Mike DiCenso wrote:Another possible indicator of GCS firepower can be found in TNG's "A Matter of Time", where the E-D attempts to remove a thick layer of volcanic dust from Earth-like planet Penthara IV's atmosphere. The dust was such a large amount that it was effectively blocking all sunlight around the entire planet.
The E-D attempts to remove the dust using her ventral saucer phasers, but at the risk that, if the variance in the phaser's power output is off by more than 60 gigawatts, a chain-reaction will occur that will completely burn of the Pentharan atmosphere! Suffice to say, the process is sucessful, and only the volcanic dust is burned off.
A long time ago, I once calculated under some conservative assumptions that the amount of energy generated by the burn-off attempt was conservatively in the range of 183 gigatons over 11 seconds. This assumed that the amount of dust in the Pentharan atmosphere was only equal to the moderately large explosive
volcanic eruptions of Krakatoa in 1883, which blasted more than 10 cubic kilometers of dust into the Earth's atmosphere.
While Krakatoa certainly had signficant effects on Earth's global climate, some lasting for a number of years after the event, it did not do so (thankfully) to anything like the effect that the Penthara IV volcanoes did in effectively blocking all sunlight from reaching the surface of the planet, and so 183 gigatons is likely a highly conservative estimate.
It's been a while. Anyone want to take a crack at assessing the Penthara IV event?
-Mike
Mr. Oragahn wrote:
I remember our argument over the 60 GW variance thing, but it was settled rather satisfyingly. Now, this is puzzling. What did this atmosphere had so special that a chain reaction could be started if you dumped too much energy in it?
I'am sorry, but nothing of the sort was done, except in your viewpoint. You simply refused to except that the 60 GW variance was a critically tiny fraction of the total output, despite characters like Geordi and Picard implying or outright stating that it was.
There were no technobabble elements or anything. The only thing was that the dust had by that time become simply electrostatically charged, and the phaser blast was going to turn the dust into high energy plasma so that it could be drawn upward through the E-D's navigational deflector beams and shields, and then shunted out into space (essentially they were turning the E-D and her deflector into a giant lightning rod).
Mr. Oragahn wrote:
Did the volcanos release some exotic element which was contained within the mantle thus far or what?

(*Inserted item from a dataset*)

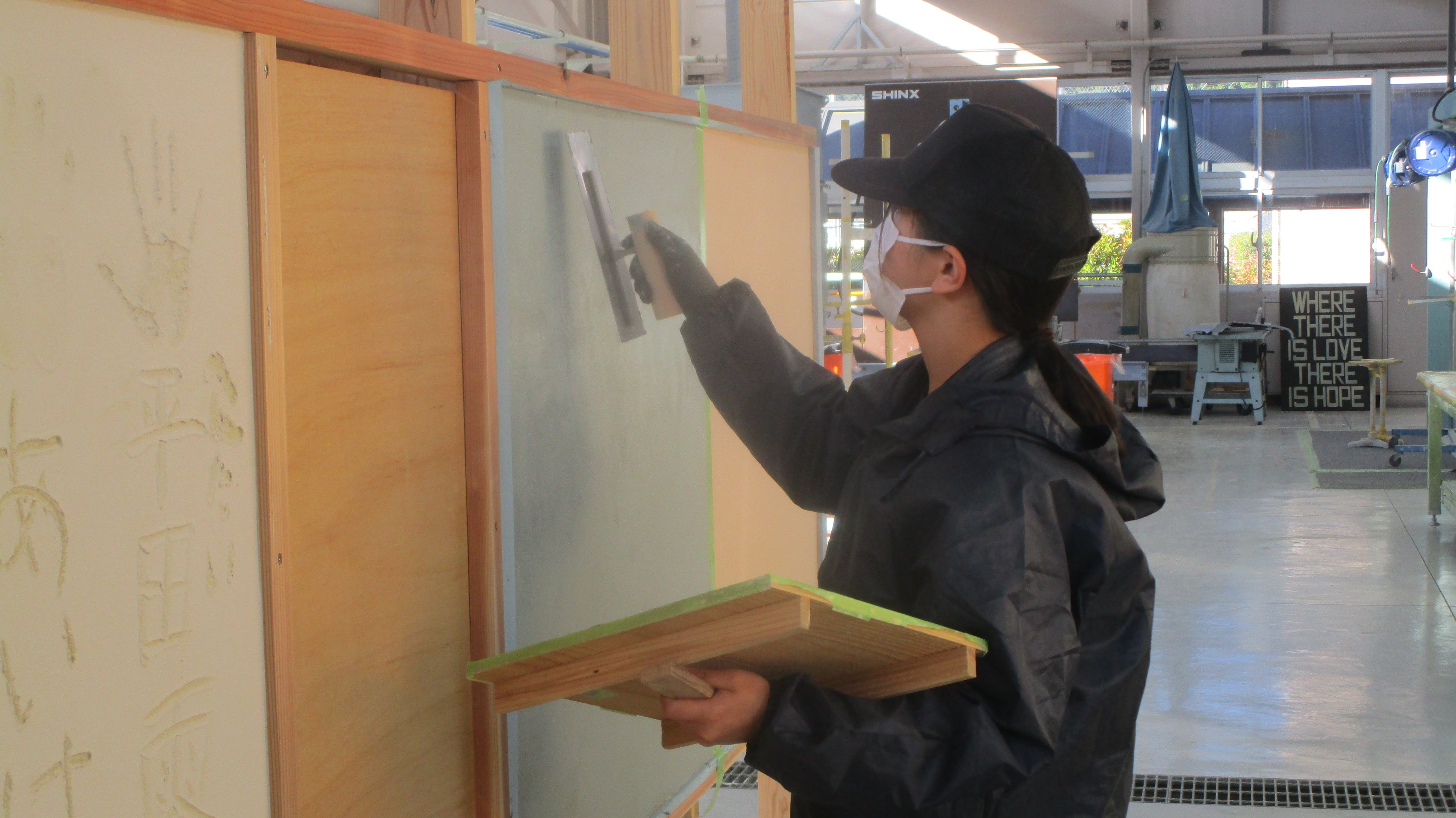 カラーコーディネート塗装科では、塗装分野(建築、自動車等)をはじめ、左官や色彩についての技能を習得したマルチな多能工の育成を目指します。

Again, no exotic elements, the dust had merely become electrostatically charged. But that is neither here nor there. One interesting part about all this is, regardless of the phaser power, the ionized plasma energies would in the hundreds of gigatons range at minimum, and yet the E-D's shields held out against it, and even held it while the E-D rotates for several seconds to point the deflector dish out into space and vent the plasma. So if shields are that strong, then the phasers and torpedoes themselves by default must be strong enough to punch through them, therefore at least high-megaton range to low-end gigaton weapons yeilds are implied here.
What I was actually asking, if you read more carefully, is what the calculated energies needed to turn the volcanic dust into a plasma, regardless of where the energy comes from: i.e. the phasers, chain-reaction, ect.
For example, how much total dust would need to have been deposited into Penthara IV's atmosphere by the volcanoes to utterly blot out the sunlight around the entire planet such that within a day or two, it was snowing heavily in otherwise were once warm temperate and or tropical climates?